Finding the Weak Points
To gain a foothold on your computer and in your corporate network, malware exploits weak points, or vulnerabilities, in widely used technologies. The myriad rapidly developing applications that make up the Web provide a wealth of vulnerabilities for online criminals to exploit.
The Web is made up of billions of pages created by different people with different levels of technical skills, offering rich content in many different formats. Accessing some of this content requires helper applications, such as media players. Many different types of back-end software serve up these webpages and content. And many of those formats, applications, and tools have weaknesses hackers can exploit.
Hackers also can exploit the Web's core infrastructure and basic standards. Many of the standards and much of the infrastructure the Web runs on were designed long before anyone thought of today's amazingly wide-ranging uses of the Web. For example, e-commerce, online banking, online social networking, and enterprise-level cloud-based computing are all common on the Web today. Ideally, you want to feel secure while engaging in those activities. But in the early days, decisions about the Internet and Web's standards and infrastructure heavily emphasized improving connectivity and access to content rather than walling off content in easily securable chunks. So, underlying infrastructure vulnerabilities, along with vulnerabilities in higher-level applications, remain a concern.
Hackers use these vulnerabilities to create exploits that let them penetrate your computer or network.
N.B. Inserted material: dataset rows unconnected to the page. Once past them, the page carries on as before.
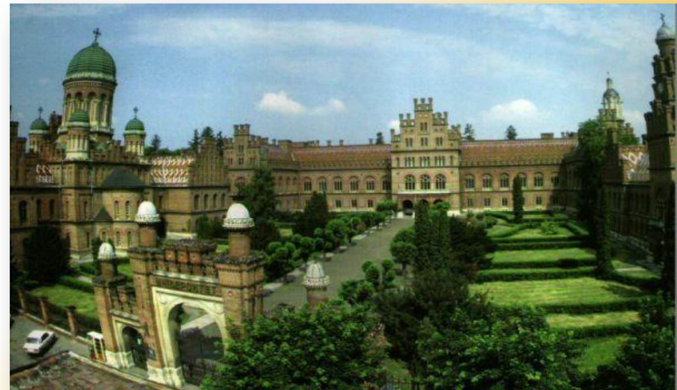
Резиденція Буковинських митрополитів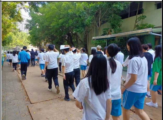
經營大樓的師生一路緩緩的走至操場集合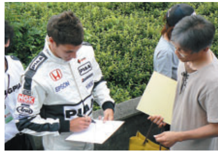
気軽にサインをもらえるフレンドリーな雰囲気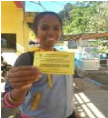
Gambar 5.1. Karcis Masuk ke Gunung Padang

tidak dikelola dengan baik. Pengunjung membayar biaya parkir ketika akan meninggalkan lokasi. Pada akhir pekan, khususnya pagi hari, pengunjung seringkali susah mendapatkan tempat untuk parkir karena terbatasnya lahan dan tidak adanya petugas yang benar-benar mengatur perparkiran.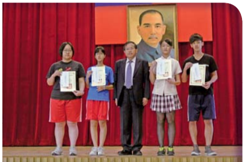
▲集會時校長頒發校園整潔競賽獎狀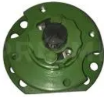
Модуль срезной (без смещения) с правой резьбой 200311253

Модуль срезной (без смещения, правая резьба), Krone. Модуль крепления диска косилочного к брусу режущему косилки Krone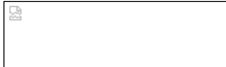
Kernfamilie(*) Familie mit getrennt lebenden Eltern (* Die Kreise stellen die Haushalte dar)

Denn steht der Trennungsentschluss fest und ein Elternteil zieht aus, dann verändert sich die Struktur der Familie: Aus einer Kernfamilie wird eine Familie mit getrennt lebenden Eltern. Vater und Mutter agieren jetzt aus zwei Haushalten heraus, die zwar autark funktionieren, aber über die Kinder, das Geld und die Vergangenheit miteinander verbunden bleiben.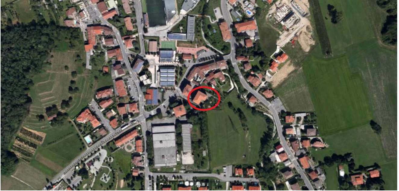
Fig. 1 – Immagine satellitare con il condominio in cui è inserito l'appartamento cerchiato in rosso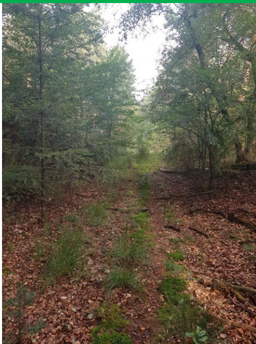
Bospad naar het Heuveltje van 1911 vanuit het zuiden (Harskamp)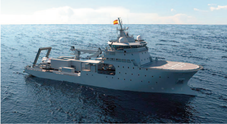
Infografía con el diseño definitivo del BAM IS.

haciéndolos incontrolables, dejando a su vez fuera de control los sistemas sobre los que corren.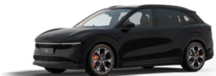
Onyx Black (Option)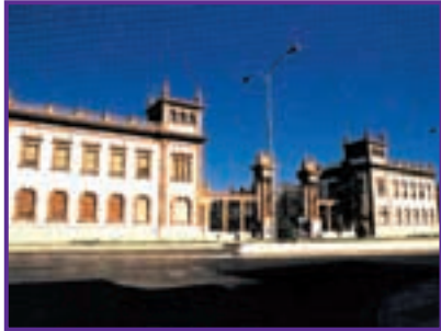
Tabacalera de Málaga

El Mormix es ideal para los enfoscados, tan característicos de la construcción en Andalucía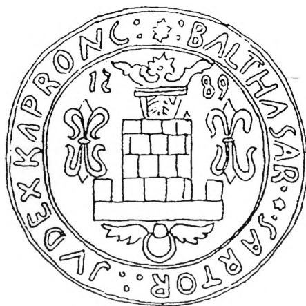
Crtež sudačkog pečata iz 1589. po L. Brozoviću (1978.)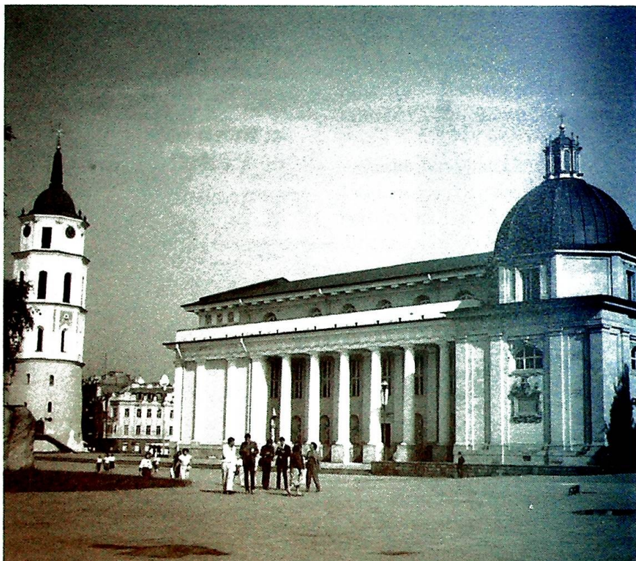
Domkirken i Vilnius – kirketårnet til venstre, – kirken brukes i dag som museum. I en resolusjon i anledning 600-års jubileet for kristendommens innførelse i Litauen, appellerer USAs biskoper til de sovjetiske myndigheter om å gjenåpne domkirken i Vilnius og Fredsdronningens kirke i Klapeida. Biskopenes ønske er i tråd med Helsingfors-avtalen og andre internasjonale avtaler om menneskerettigheter. Ifølge en artikkel i The Tablet nylig er Litauen det «østland» hvor Kirken har de hårdeste kår.

I 1955 begynte en langsom bedring av kirkens kår. To nye biskoper ble vigslet, og året etter fikk 2 biskoper og 130 prester amnesti og vendte tilbake fra Sibir. En viss produksjon av religiøse bøker ble tillatt. Og folkets religiøse liv har selv ikke de strenge administrative tiltak kunnet sette en stopper for. «Fra 1968 og til dags dato har alle forsøk på å innskrenke religionsutøvelsen i Litauen blitt møtt med skriftlige protester om brudd på konstitusjonen . . . og hver enkelt ble signert av ikke mindre enn 17.000 personer,» noterer Ravnum i den tidligere nevnte kronikk. Han henviser til undergrunnsavisen Ba'zny'cias Kranika (Den katol-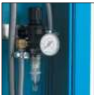
Luftfilter / Wasserabfluss / Druckregler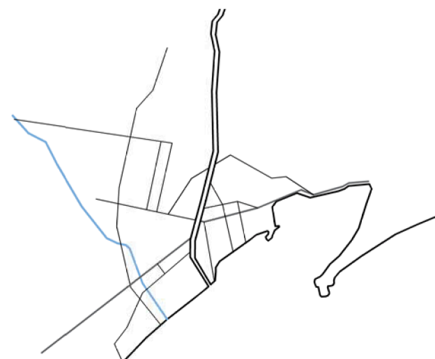
PLAN DE 1861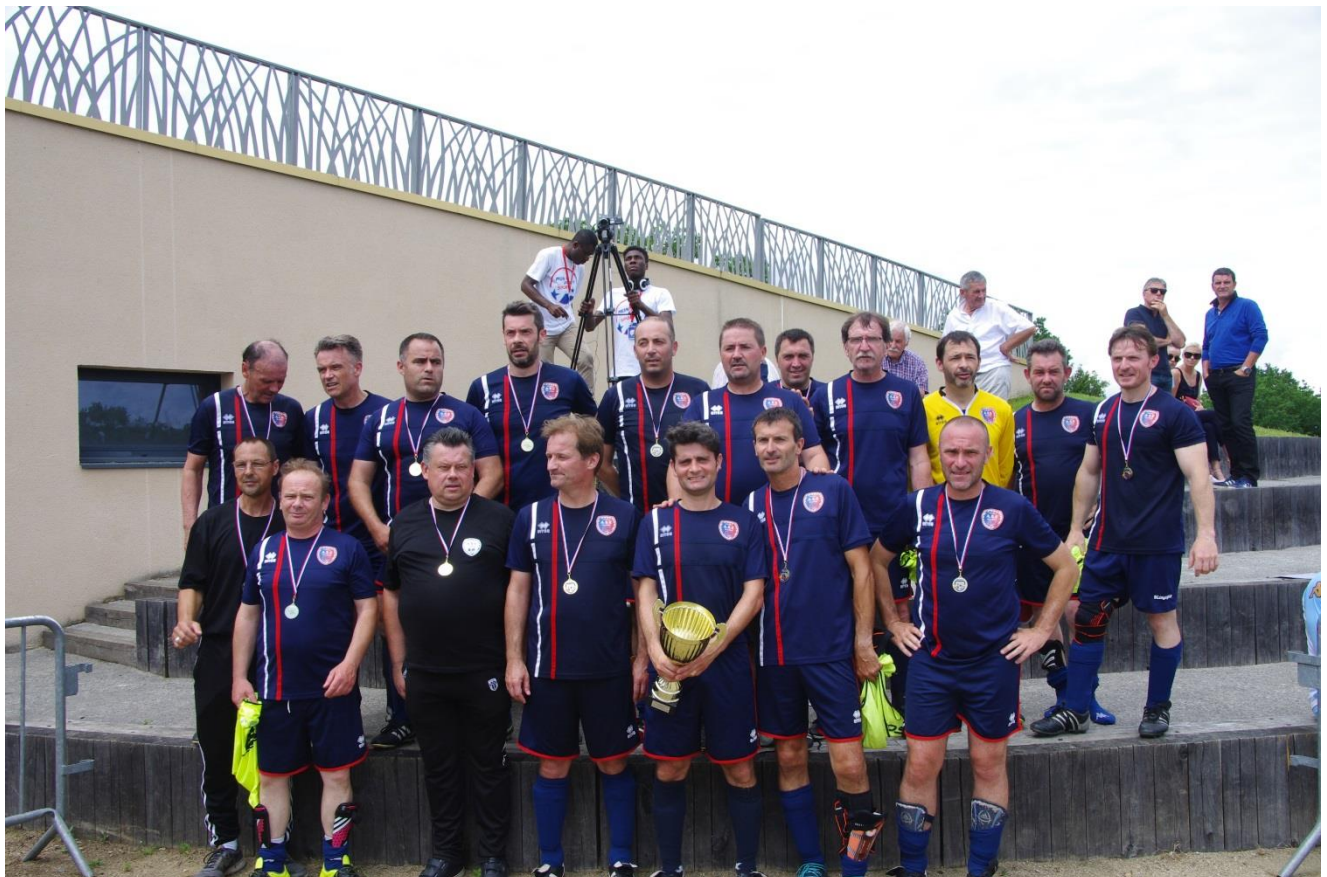
Ecouflant As Équipe finaliste de la Coupe Paul Augelle – Juin 2018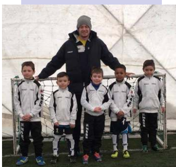
Gödöllői Sátoros Kupa a legkisebbekkel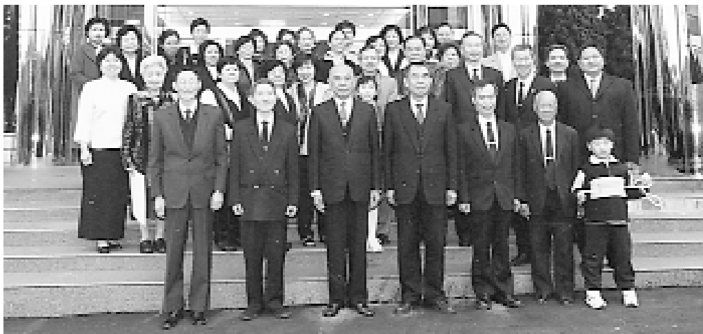
簡前人、點傳師及加拿大道親們，於忠恕道院前合影。

會有那麼多混亂、紛爭？就是人心變壞、無法柔軟、為自己的私利、名利而硬碰硬、強比強，將原本的人間天堂變成貪婪之島，人也變成凶獸猛鬥，所以變成三期末劫，種族之間、國與國之間都是因為這樣的因緣，沒有緩衝餘地，沒有緩和空間。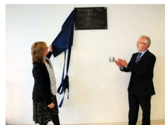
La Consejera de Justicia descubre la placa conmemorativa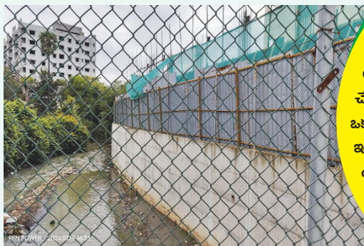
ఫాక్స్ సాగర్ నాలాపై అక్రమ నిర్మాణం.. 2024 జూలై 19న ఇలా.. ఫైల్ ఫోటో..

కుత్బుల్లాపూర్ జిహెచ్ఎస్ కార్యాలయంలో ఒక డిప్యూటీ కమిషనర్.. ఒక అసిస్టెంట్ సీటీ షానర్.. ఒక టౌన్ షానింగ్ సెక్షన్ సూపర్ వైజర్.. టాన్స్ ఫోర్స్ కమిటీకి అక్రమ కట్టడాల సమాచారం చేరవేసి "న్యాక్ ఇంజనీరింగ్" చైన్మెన్లు.. వీళ్ళ అందరిపైన, ఒక జోనల్ కమిషనర్, ఆపై జిహెచ్ఎస్ కమిషనర్.. ఇంతమంది ఉన్నప్పటికీ.. ఇలాంటి అక్రమ కట్టడాలు యధేచ్ఛగా నిర్మిస్తున్నారు.. అయినా ఫాక్స్ సాగర్ నాలా నడిమిట్లనే కడుతుంటే, చర్యలు తీసుకోకుండా నిర్మాణం పూర్తి చేయించిన ఘనులు ఈ సర్కిల్-25 అధికారులు..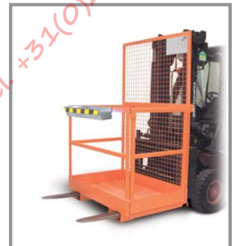
Arbeitsbühne, quer aufzunehmen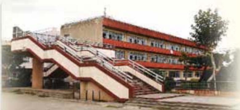
▲校舎と校庭を結ぶ歩道橋が学校の特徴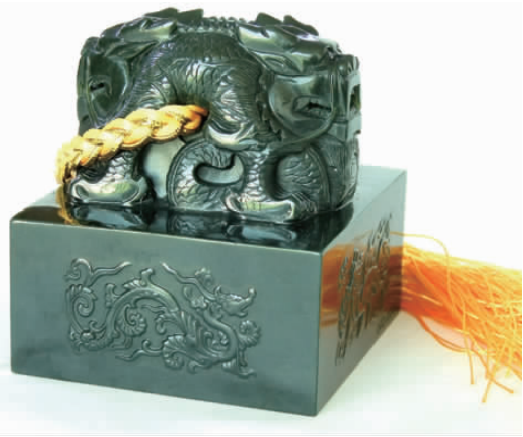
宝玺通高 8.6 厘米,玺钮高 5.6 厘米,代表 56 个民族大团圆;龙纽是威猛霸气的盘龙,龙腹穿孔附系黄色绶带,底部正方形印面边长为 8 厘米,象征中国的四面八方。四面刻有龙、凤、龟、麒麟四吉祥物,象征龙凤呈祥、健康长寿。印面凸雕篆刻世博会徽,图案形似字“世”,与“2010”巧妙组合,相得益彰。宝玺大气天成,巧夺天工,光耀王者风范!

全球限量 2010 尊,国家珠宝玉石质量检测中心逐一鉴定,确保每套均为真正和田玉! 物以稀为贵,为彰显“世博宝玺”无与伦比的至尊地位和极大的升值空间,全球只发行 2010 尊,仅供少数幸运藏家荣耀典藏。每尊都雕刻唯一限量编号,以后永不复制。每套均由上海世博局授权方可制造,并配有人民币防伪高科技专造的世博特许标签和国家出具的玉石《鉴定证书》,鉴定结论尊尊均为和田玉。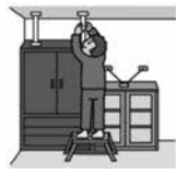
▲家具などの転倒防止策 (つっぱり棒やL字金具)

引っ越しなどで新居を構える方、部屋のかな模様替えをする方も多いのではないのでしょうか。この機会に、家具などの転倒防止策をしましょう。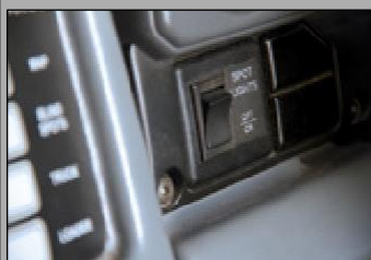
Luz de farol simulada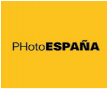
Foto in Madrid

Bis zum 13. September findet in Madrid die 29. Ausgabe des Festivals "Photo Espana" statt. Als führende Veranstaltung für bildende Kunst und Fotografie bietet es die Möglichkeit, die neuesten Trends anhand von Ausstellungen in den wichtigsten Museen, Ausstellungsräumen und Kunstgalerien der spanischen Hauptstadt zu entdecken. Unter dem Motto "Neu denken" legt diese Ausgabe den Schwerpunkt auf fotografische Kreativität, Experimentierfreudigkeit und die Erforschung der Grenzen des Bildes, während sie gleichzeitig die Realität und Autorität hinterfragt. Fortsetzung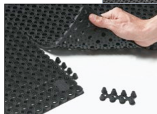
Schutzfangmatte Typ OF mit Drainagelöchern (Ø 14 mm) und Verbindungselementen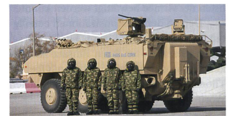
ABC-Aufklärungsfahrzeug Pars von FNSS.

Das türkische Rüstungsunternehmen FNSS Savunma Sistemleri hat neue Varianten der gepanzerten Radfahrzeugfamilie Pars vorgestellt. Auf dem 6×6-Laufwerk wurde ein ABC-Aufklärungsfahrzeug mit Sensoren und Analysegeräten für die Detektion und Identifikation chemischer Kampfstoffe, toxischer Industriechemikalien und biologi-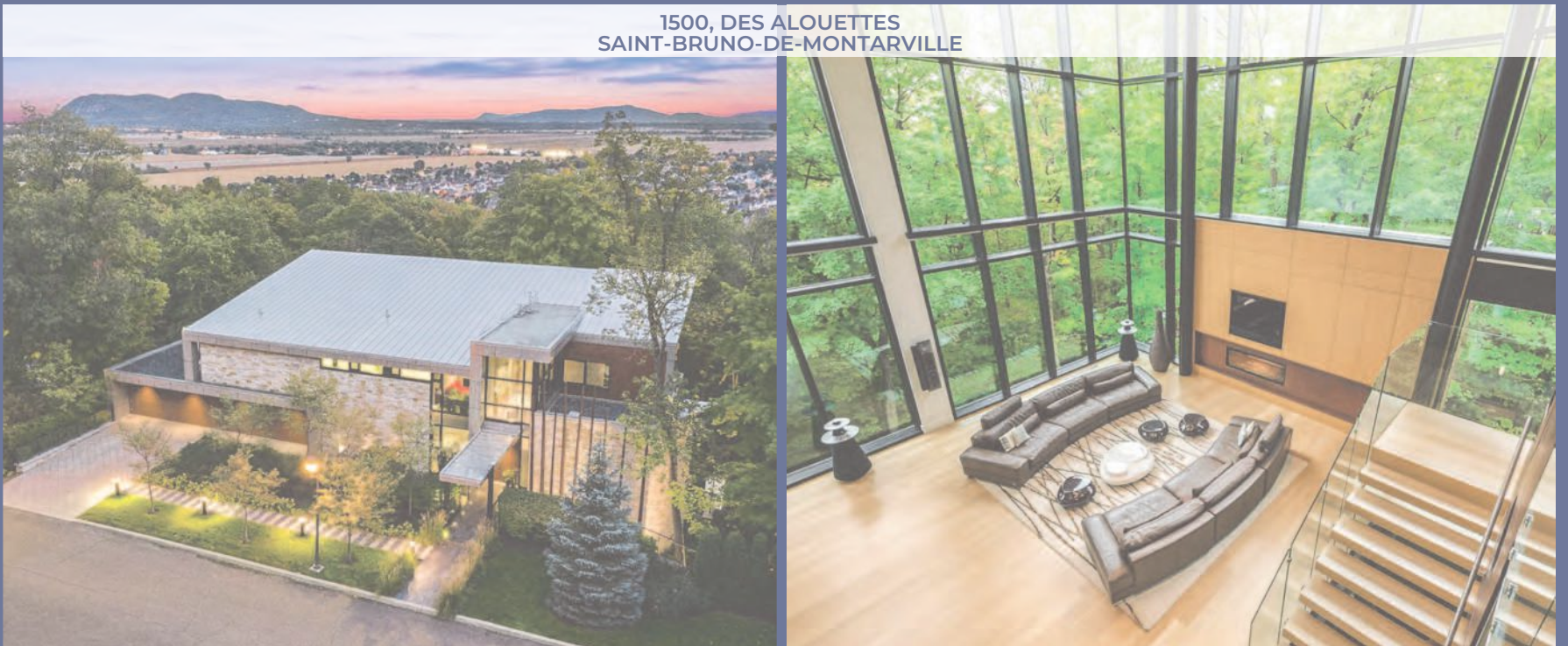
1500, DES ALOUETTES SAINT-BRUNO-DE-MONTARVILLE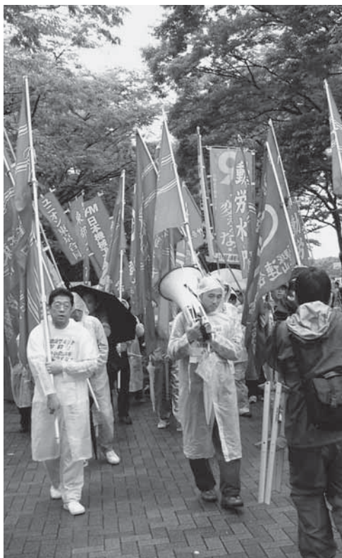
サミット粉砕6・29闘争

めたとたんに既成労組指導部は反動となり、組合員の闘いを圧殺する体制内労働組合の本性をむきだしにして襲いかかってくるのです。国労内部にもあらゆる体制内指導部の弊害が出てきています。「4者4団体」路線がそうであると同時に中央本部自身がJR資本に屈服し警察権力と一体となつて、5・27臨大闘争弾圧をかけてきたのです。国労共闘破壊の大弾圧でした。裁判闘争は次回で89回の公判になりますが、裁判官交代の更新手続きに入っています。この間、被告の要求を聞こうともしない体制内にどっぷり浸かった弁護団を全員解任し、新たな体制で裁判自体を階級裁判として再出発することが出来ました。階級的労働運動を拒否した妨害物はさげすまざりなくなり、国労の階級的再生に向かって被告、弁護団とそれを支える体制が出来つつあります。 サミット決戦を帝国主義への怒りと階級の団結で粉砕し、全世界の労働者階級と団結し権力を奪取する時が来たのです。

Often, when you visit an infected webpage or open an infected email, the attack code starts snooping around for any known weaknesses in your system.
The malware found on a malicious website—such as one involved in an iFrame attack—begins a series of probes, looking for unpatched weaknesses in your browser, the myriad browser plug-ins you might have installed, your operating system, or any applications you might have running.
The level of sophistication is remarkable in that the malware sites can actually identify the particulars of your computer and operating system and infect or attack the system appropriately. For instance, if you run Safari as your browser, the malware sites won't bother trying any known Internet Explorer vulnerabilities. Instead, they focus on Safari or Safari plug-in weaknesses.
When a useful vulnerability is found, the goal of the malware attack is to create a buffer overflow condition in your computer. This then gives the malware the capability to initiate the download of harmful code—the keyloggers, botnet software, spyware ad generators, or other malware previously discussed.
Malware doesn't only exploit vulnerabilities in technologies. Malware creators and distributors also take advantage of "weaknesses" in human nature, such as curiosity, trust, desire for connection, and carelessness, to dupe users into handing over the keys to their system security.